Mazyck manages the Pallbearer Ministry at the high school. The student volunteers take the time out of their school day to help support a ceremony or burial for veterans or others who would otherwise be buried alone.

"We might even very strongly disagree at various times, but everybody has worth and value. Assisting at their funeral, or at their committal and burial, is a way of honoring their lives, even though we may have never met them," he says.

The Pallbearer Ministry at the school began after six seniors volunteered to help bury three unclaimed veterans in October, 2015. Since then, volunteers have helped carry veterans in ceremonies at Great Lakes National Cemetery and others cemeteries around the Detroit area.

"This was an opportunity to give something to somebody who finished their life on the fringe of society," Tom Lennon, a former student, told TODAY.com in 2015. "These veterans were men I had never met, but they helped make the country I live in safer and stronger. No matter who they were or what they did on earth, every person deserves a proper burial."

Before the service, the volunteers try to learn about the deceased. They look through online obituaries; sometimes they learn only the deceased's name, while other times their whole life story is available.

"Sometimes the students find out that they are related to someone or they are at least friends with someone who is a part of the family and survives the memory of the deceased," Mazyck says.

Sometimes the students carry the coffin, and at other times they act as a team of "honor guards" who provide support and pray for the deceased.

The program paused from 2019-2021 because of COVID, but has come back stronger than ever.

The school ministry has partnered with A.J. Desmond & Sons Funeral Home in Troy, Michigan. The county attempts to find relatives to claim the body, but if nobody has responded after 90 days, the veterans are cared for by the funeral home.

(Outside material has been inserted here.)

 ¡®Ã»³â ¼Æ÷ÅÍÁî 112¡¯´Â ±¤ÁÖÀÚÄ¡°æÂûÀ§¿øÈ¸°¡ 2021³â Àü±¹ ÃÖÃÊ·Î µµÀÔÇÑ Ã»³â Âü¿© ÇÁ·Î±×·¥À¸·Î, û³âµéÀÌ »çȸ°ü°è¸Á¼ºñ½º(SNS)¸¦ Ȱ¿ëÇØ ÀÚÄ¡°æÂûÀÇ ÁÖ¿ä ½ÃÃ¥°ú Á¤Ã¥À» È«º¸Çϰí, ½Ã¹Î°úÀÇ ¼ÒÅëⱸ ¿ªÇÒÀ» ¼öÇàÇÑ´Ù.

“The students’ service is quite simply valuable to our firm because that is what we do — we serve our community by caring for and honoring the dead, regardless of financial circumstances," John Desmond, the funeral home's director, told TODAY.com in 2015.

Caskets are provided by the Dignity Memorial Network's Homeless Veterans Program, which aims to provide homeless and unclaimed veterans with a proper military burial across the country.

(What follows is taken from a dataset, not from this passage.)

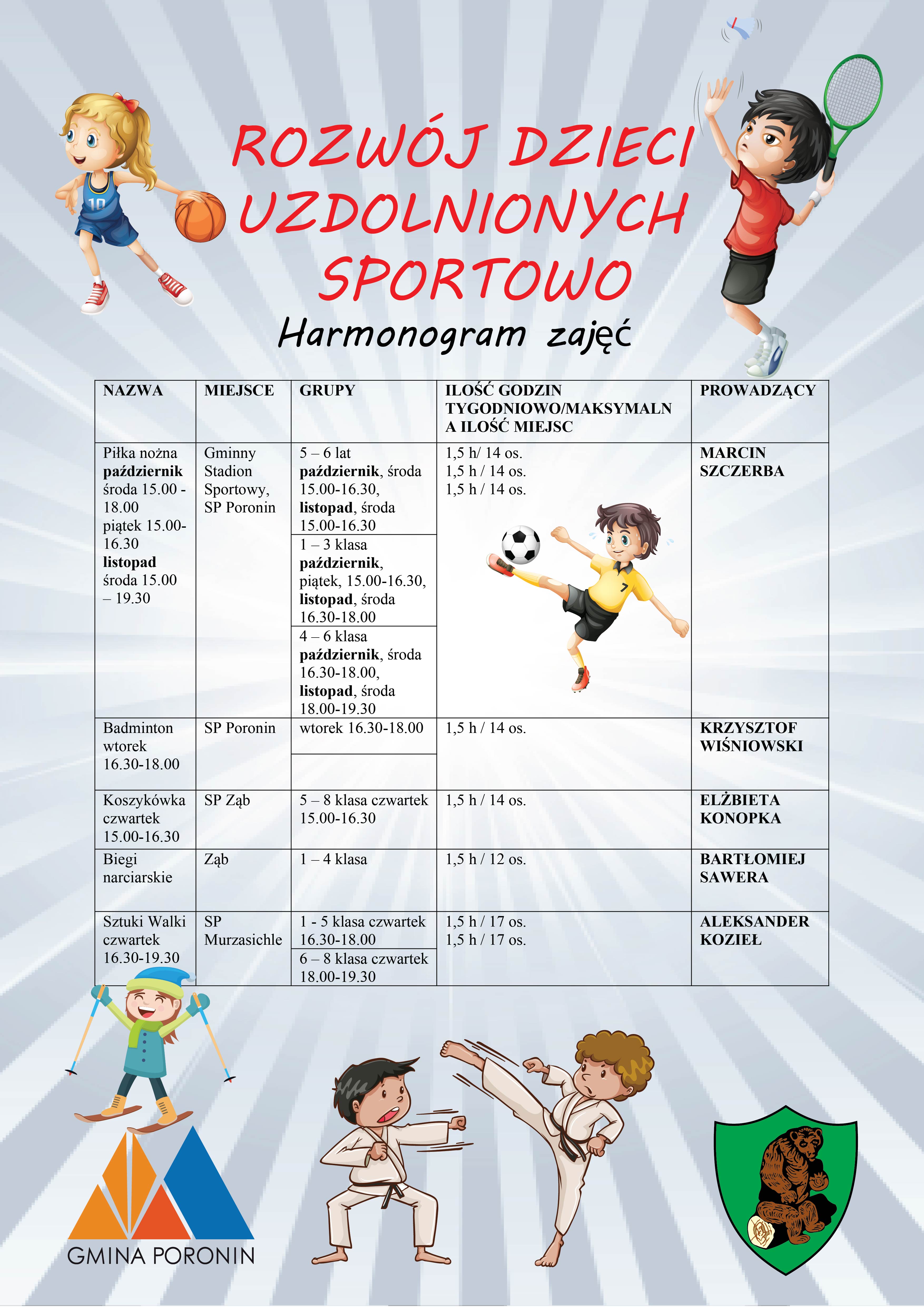 Już od dzisiaj w naszej Gminie ruszają zajęcia dla dzieci uzdolnionych sportowo. Zgodnie z harmonogramem w dniu dzisiejszym odbędą się zajęcia ze sztuk walki. Natomiast koszykówka rozpocznie się wyjątkowo w przyszłym tygodniu.

Mazyck says the volunteers often reflect during and after the service, and they use the experience as a way to grow as students and as humans.

"It's great to be with other people and pray with them, encourage them or just be present with them when they're in their sorrow. We all have times and moments of sorrow in our lives, including the passing of loved ones and friends and colleagues," Mazyck says.

"So it's really an honor and, in itself, its own consolation to be able to offer some support."